Creating RDDs from DataFrames

We can easily convert back from a DataFrame to an RDD using the pyspark.sql.DataFrame.rdd() method, along with pyspark.sql.Row.asDict() if we desire a Python dict of our records.


In [19]:
job_counts.rdd.map(lambda x: x.asDict()).collect()


Out[19]:
[{'name': 'Donald Trump', 'total': 1},
 {'name': 'Florian Liebert', 'total': 1},
 {'name': 'Don Brown', 'total': 1},
 {'name': 'Russell Jurney', 'total': 2},
 {'name': 'Steve Jobs', 'total': 1}]

Exercises

  1. Using the data from item 4 in the exercise above, convert the data back to its original form, a local collection of dict elements.

In [20]:
my_df.rdd.map(lambda x: x.asDict()).collect()


Out[20]:
[{'interest': 'Ancient Greece', 'name': 'Russell Jurney'},
 {'interest': 'Virtual Reality', 'name': 'Chris Jurney'},
 {'interest': 'Sports', 'name': 'Bill Jurney'},
 {'interest': 'Wildlife', 'name': 'Ruth Jurney'},
 {'interest': 'Sports', 'name': 'Bob Smith'}]

Loading and Inspecting Parquet Files

Using the SparkSession to load files as DataFrames and inspecting their contents...


In [22]:
# Load the parquet file containing flight delay records
on_time_dataframe = spark.read.parquet('../data/on_time_performance.parquet')
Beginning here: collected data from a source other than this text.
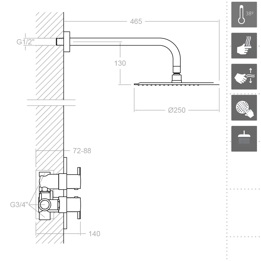 Смеситель для душа Ramonsoler Drako встраиваемый термостатический с тропическим душем K3324012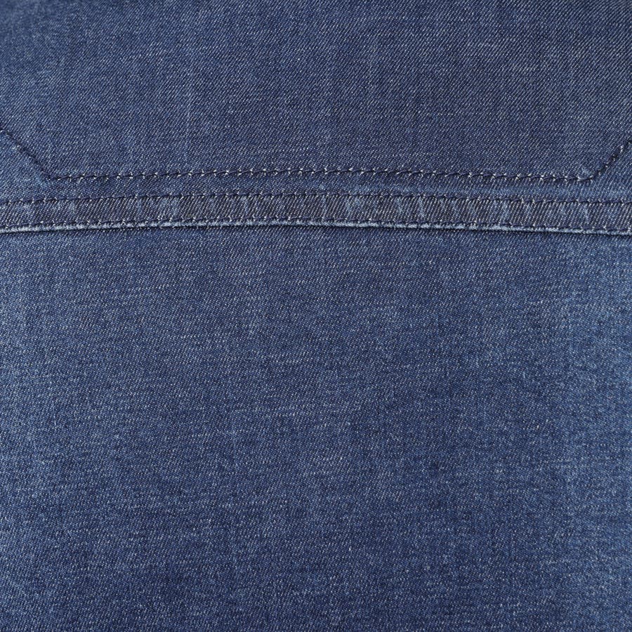 各接ぎのWステッチ、前身の切り替えデザインで加工後のアタリ感の印象を強くし、前立て部分のステッチには環縫いステッチを使用してちょっとしたアクセントになるようにしております。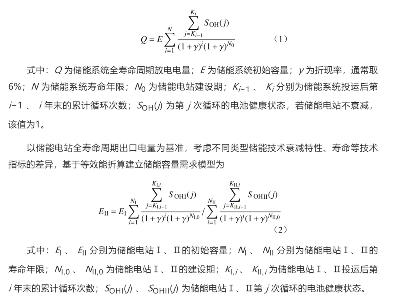 為客觀評價分析不同類型儲能的成本競爭力,需統(tǒng)一儲能電站全壽命周期放電電量,結(jié)合儲能系統(tǒng)壽命,以典型儲能容量為基準(zhǔn),通過等效能折算,結(jié)合容量衰減特性分析其他類型儲能容量。儲能容量定義為投運(yùn)時儲能電站可放電電量,電站級儲能應(yīng)用壽命評估的邊界條件通常設(shè)置健康狀態(tài)值低于80%[14]。儲能電站全壽命周期放電電量為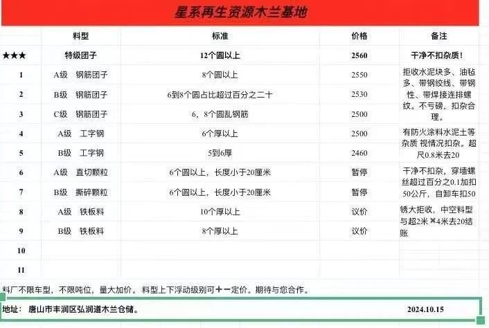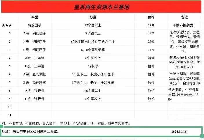 ****年**月**日河北唐山星系再生资源木兰基地报价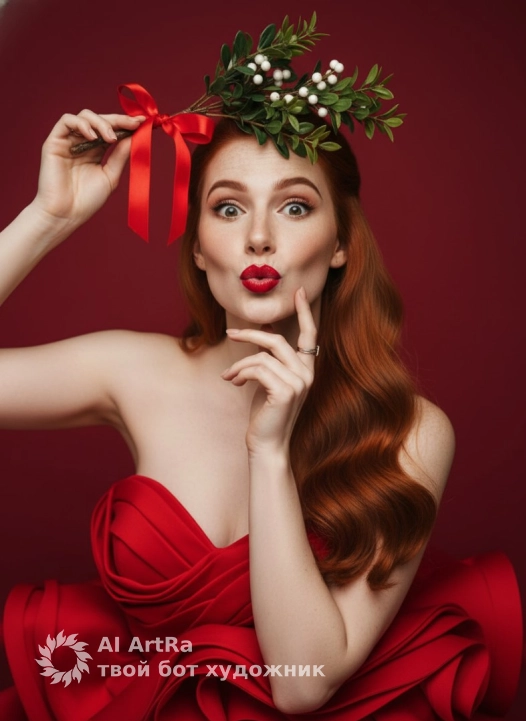 In her raised hand above her head, she is holding a small decorative branch with green leaves and white berries, tied together with a satin red ribbon formed into a bow. The branch partially covers one side of her forehead and eye area, creating a festive and stylized composition. Her nails are manicured in a light, neutral shade, and she is wearing multiple rings on her fingers.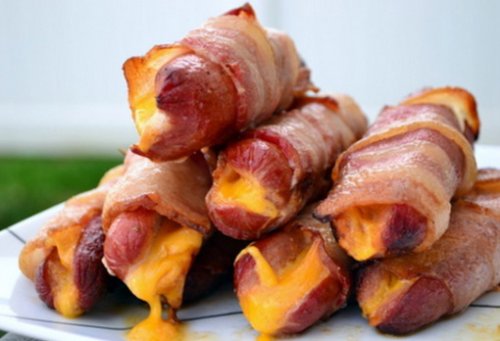 Можно поспорить, что такого лакомства все бы съели по целому подносу. Сосиски с сырной начинкой, завёрнутые в бекон! Это самое аппетитное блюдо во всём списке и по этой причине оно находится на первом месте!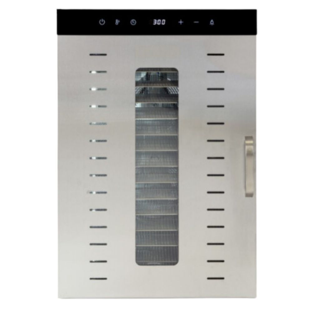 Deshidratador profesional DryCook con 15 bandejas de acero inoxidable, control digital preciso y ventilación horizontal. Ideal para cocinas y pastelerías profesionales.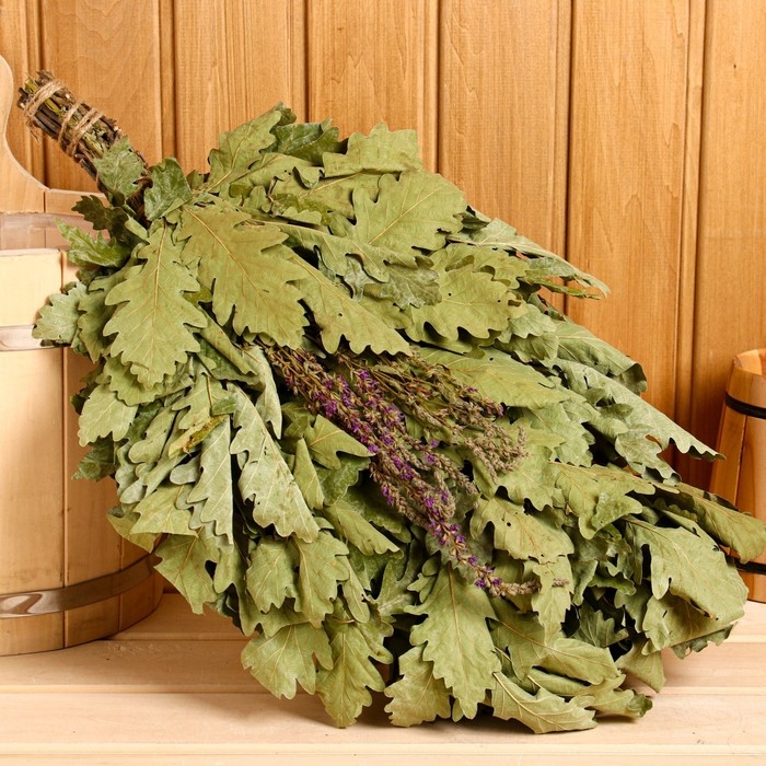 - дубовый веник помогает снять напряжение и усталость после физических нагрузок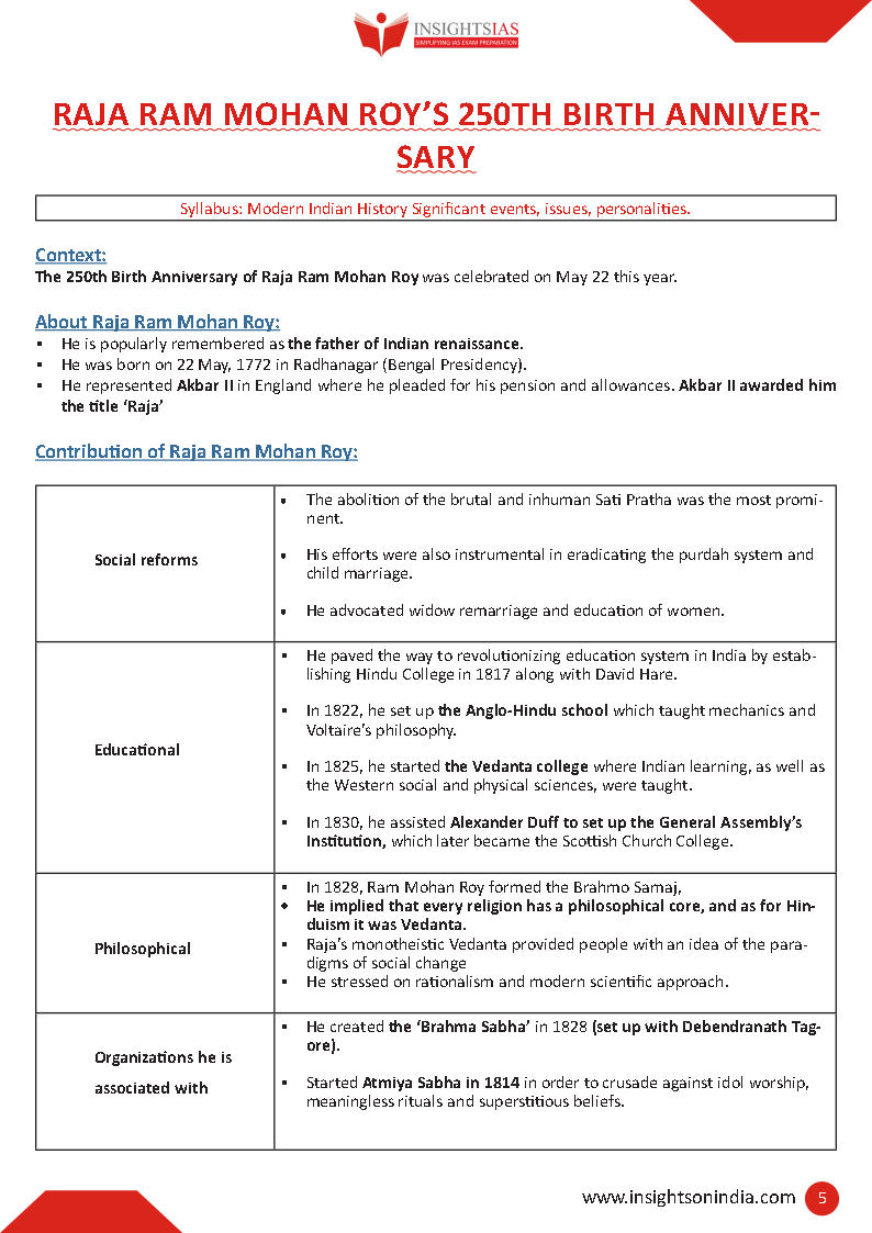 • Raja Ram Mohan Roy’s 250th birth anniversary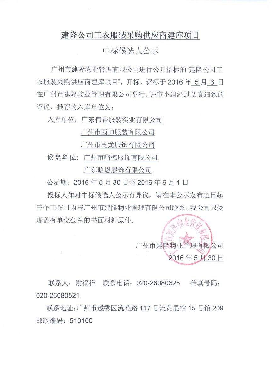建隆公司工衣服装采购供应商建库项目中标候选人公示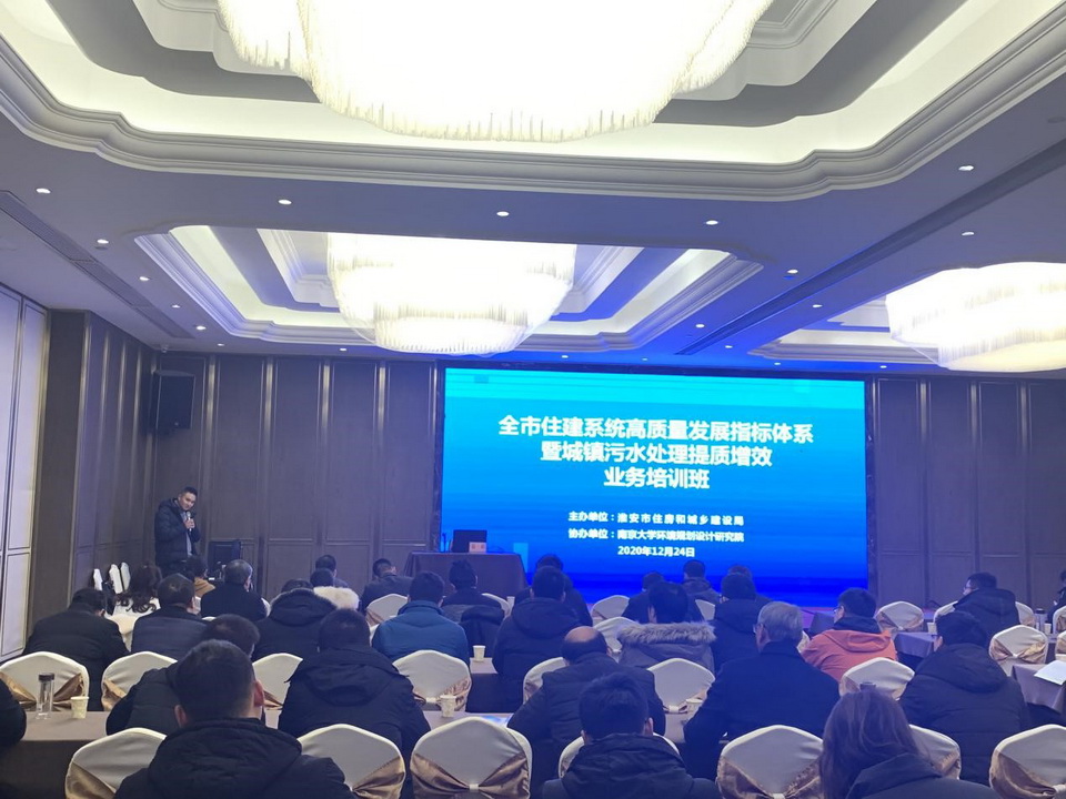 12月23日-24日,由淮安市住建局主辦、南大環規院集團承辦的全市住建系統高質量發展體系暨城鎮污水處理提質增效業務培訓班在淮安市順利召開。市住建局黨委書記、局長秦浩出席開班儀式并作動員講話,省住建廳計財處處長王佳劍、南京市水務局總工程師駱穎等行業專家受邀授課,市住建局相關處室單位領導、各縣區住建局主要領導、分管領導及相關業務科室負責人等120余人參加培訓學習,活動由集團工程設計分院工程設計三所所長楊潑主持。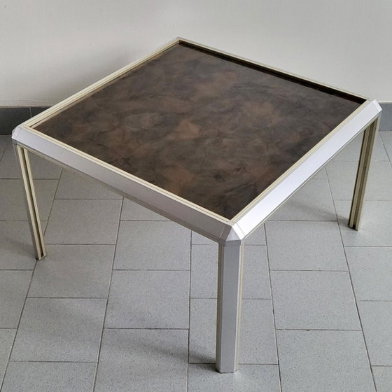 Vintage vierkante salontafel/bijzettafel uit de jaren 60 van aluminium en formica.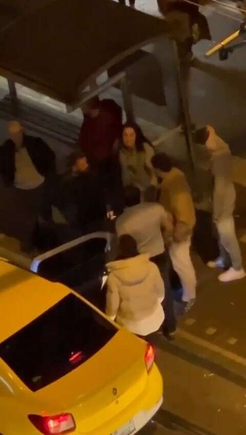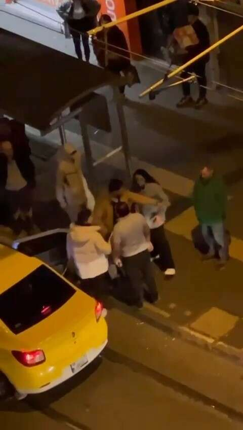 Çevredekilerin müdahalesiyle sakinleştirilmeye çalışan kadın güçlükle ikna edilirken, sakinliği koruyan adam ise kameralara anbean yansıdı.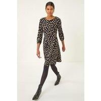 Speckled Print Stretch Dress from Roman. Get ready to make a statement in this speckled print dress, your go-to piece this season. This dress features a classic round neckline and 3/4 sleeves, with a stylish speckled spot print. Cut from stretch jersey fabric, it is designed to finish at knee length with a flattering empire waistline. Complete your Autumn Winter wardrobe by styling it with a denim jacket and ankle boots for a stunning fall look! | Roman Women's Speckled Print Stretch Dress in Beige | Size: 20 - Manufacturers part numbers: Roman_5063566426665|141161p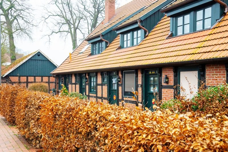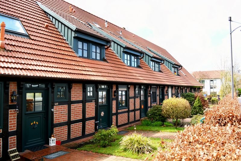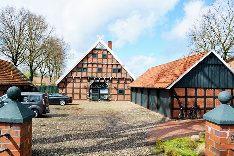 Ideal für Investoren: 8-Parteienhaus mit Nebengebäuden (6 Wohnungen 75-105qm und 2 Apartments ca. 35-50qm) und 7 Garagen zu verkaufen. Geschichtsträchtiges Fachwerkhaus in Ortsmitte (49434 Neuenkirchen-Vörden). Komplett vermietet. Supermärkte, Ärzte usw. innerhalb von 3 Minuten zu Fuß erreichbar. Nachdem es 1948 abgebrannt war, wurde es damals sofort wieder neu aufgebaut und als Hofstelle eines Bauernhauses genutzt. 1990 wurde es als Wohnhaus umgebaut und komplett saniert. Seitdem ist es bei Mietern immer sehr beliebt, denn die Wohnungen sind einem alten Bauern-Fachwerkhaus gerecht gestaltet mit Echtholzparkett und Holztreppen; Holztüren und Holzfenstern mit Thermopenverglasung. Jede Wohnung hat einen eigenen Eingang und einen kleinen Vorgarten. Hinter den jeweiligen Wohnungen sind kleine Gärten angelegt, die die Mieter oft sehr liebevoll gestalten. Die eine Giebelwohnung hat einen großen Garten und einen Kaminanschluss für einen Holzofen. Die andere Giebelwohnung hat einen eingebauten Kachelofen.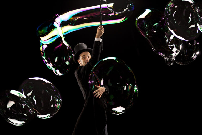 A idearlo Michele Cafaggi, primo artista in Italia a creare uno spettacolo intero dedicato alle bolle di sapone. Dal 1993 si esibisce come artista di strada e di teatro in Italia e in molti altri paesi del mondo passando con disinvoltura dalle grandi platee internazionali alle feste di paese, scuole, teatri, ospedali, case di riposo, carceri e ovunque ci sia l’occasione e il piacere di incontrarsi con il pubblico. E’ Dottor Sogno presso i reparti pediatrici dove opera la Fondazione Theodora Onlus.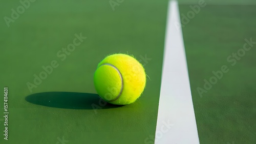 tennis, tennis ball, ball, court, green, white line, sport, sports equipment, game, competition, closeup, athlete, daylight, play, ground, field, match, action, tennis court, surface, bright, yellow, training, exercise, leisure, recreation, tournament, professional, lawn, textured, shadow, sport, single, object, isolated, closeup, striped, synthetic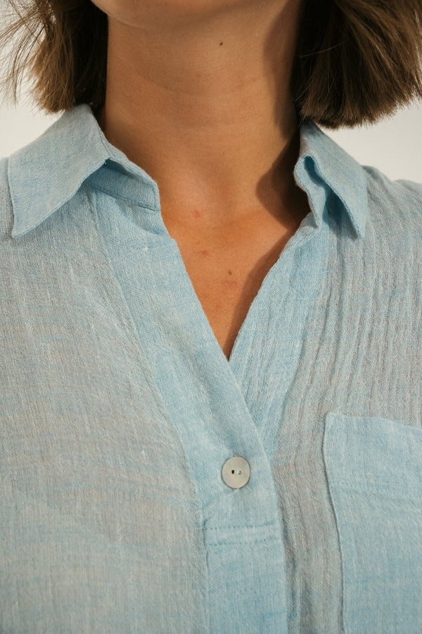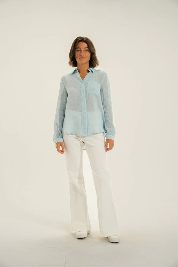 Блуза с длинными рукавами представляет собой идеальное сочетание легкости, комфорта и естественной элегантности. Легкий текстурированный льняной материал обеспечивает отличную воздухопроницаемость и идеально подходит для солнечных дней. Нагрудный карман придает блузе практичный и утонченный вид. Складка на спине обеспечивает плавность, легкость и свободу движений для максимального комфорта в повседневной жизни. Эта модель вписывается в гардероб, вдохновленный Атлантикой и предметами первой необходимости, неподвластными времени.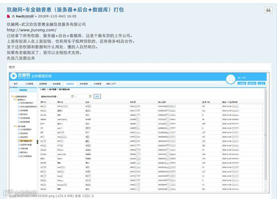 11月4日下午4点,黑客孤狼(化名)在暗网发布一个帖子,称拿下了汽车金融平台玖融网的所有权限。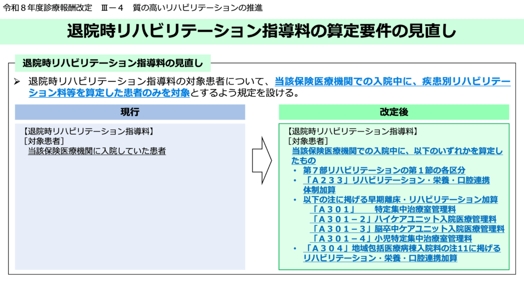 (1) 退院時リハビリテーション指導料は、入院していた患者(当該保険医療機関での入院中に、「A233」のリハビリテーション・栄養・口腔連携体制加算、「A301」注4の早期離床・リハビリテーション加算、「A301-2」注3の早期離床・リハビリテーション加算、「A301-3」注3の早期離床・リハビリテーション加算、「A301-4」注3の早期離床・リハビリテーション加算、「A304」注11のリハビリテーション・栄養・口腔連携加算、第7部リハビリテーションの第1節の区分のいずれかを算定したものに限る。)の退院に際し、患者の病状、患家の家屋構造、介護力等を考慮しながら、患者又はその家族等退院後患者の看護に当たる者に対して、リハビリテーションの観点から退院後の療養上必要と考えられる指導を行った場合に算定する。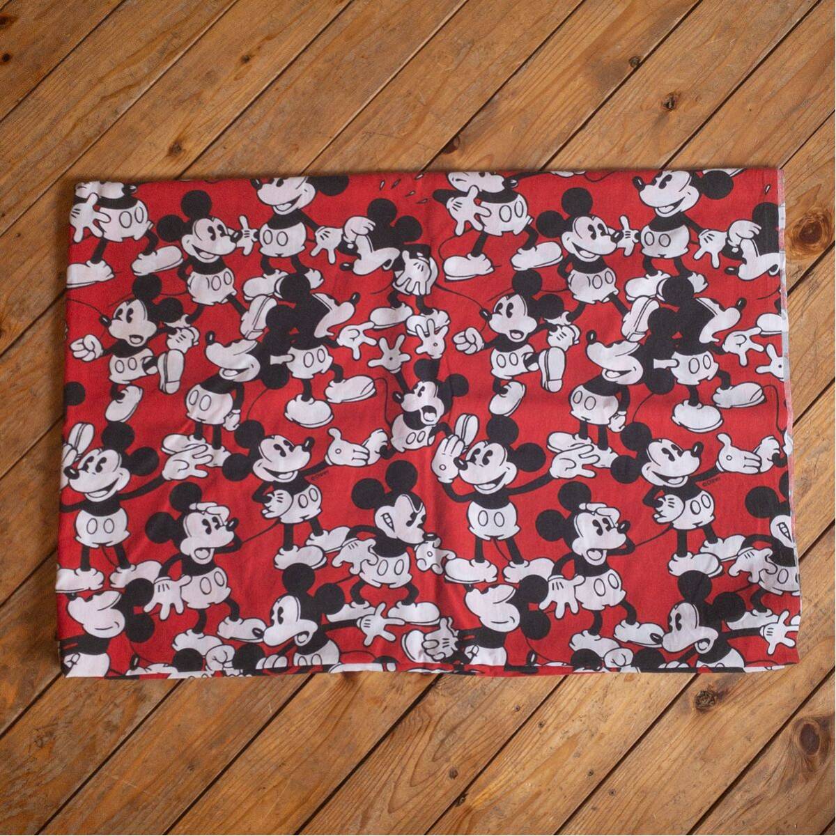 > USAヴィンテージ ベッドシーツ Disney ミッキーマウス リメイク生地 素材 総柄 レッド 赤 フラットシーツ アメリカ仕入 B2510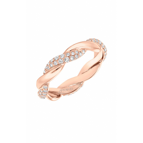 Contemporary pave diamond and gold twisted band. Can be worn as stackable ring, wedding or anniversary band. Available in white, yellow and rose gold.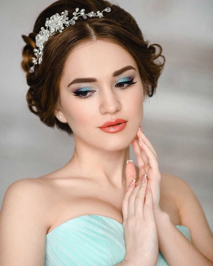 Важно! Стилисты к синему вечернему наряду рекомендуют делать макияж в стиле смоки-айс в серо-синей гамме. А вот прическа здесь должна быть максимально простой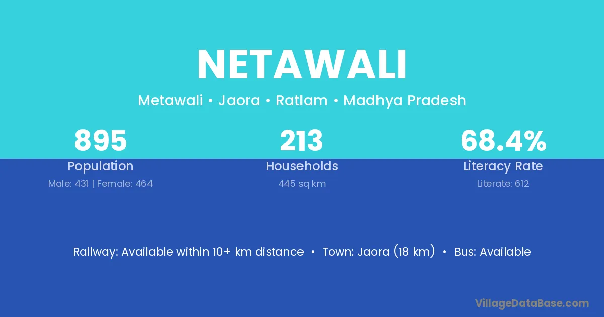 Netawali village has a total population of 292 people, of which 149 are males and 143 are females.

# Register the data for Spark SQL
on_time_dataframe.registerTempTable("on_time_performance")

# Check out the columns
on_time_dataframe.columns


Out[22]:
['Year',
 'Quarter',
 'Month',
 'DayofMonth',
 'DayOfWeek',
 'FlightDate',
 'Carrier',
 'TailNum',
 'FlightNum',
 'Origin',
 'OriginCityName',
 'OriginState',
 'Dest',
 'DestCityName',
 'DestState',
 'DepTime',
 'DepDelay',
 'DepDelayMinutes',
 'TaxiOut',
 'TaxiIn',
 'WheelsOff',
 'WheelsOn',
 'ArrTime',
 'ArrDelay',
 'ArrDelayMinutes',
 'Cancelled',
 'Diverted',
 'ActualElapsedTime',
 'AirTime',
 'Flights',
 'Distance',
 'CarrierDelay',
 'WeatherDelay',
 'NASDelay',
 'SecurityDelay',
 'LateAircraftDelay',
 'CRSDepTime',
 'CRSArrTime']

In [23]:
# Trim the fields and keep the result
trimmed_on_time = on_time_dataframe\
  .select(
    "FlightDate",
    "TailNum",
    "Origin",
    "Dest",
    "Carrier",
    "DepDelay",
    "ArrDelay"
  )

# Sample 0.01% of the data and show
trimmed_on_time.sample(False, 0.0001).show(10)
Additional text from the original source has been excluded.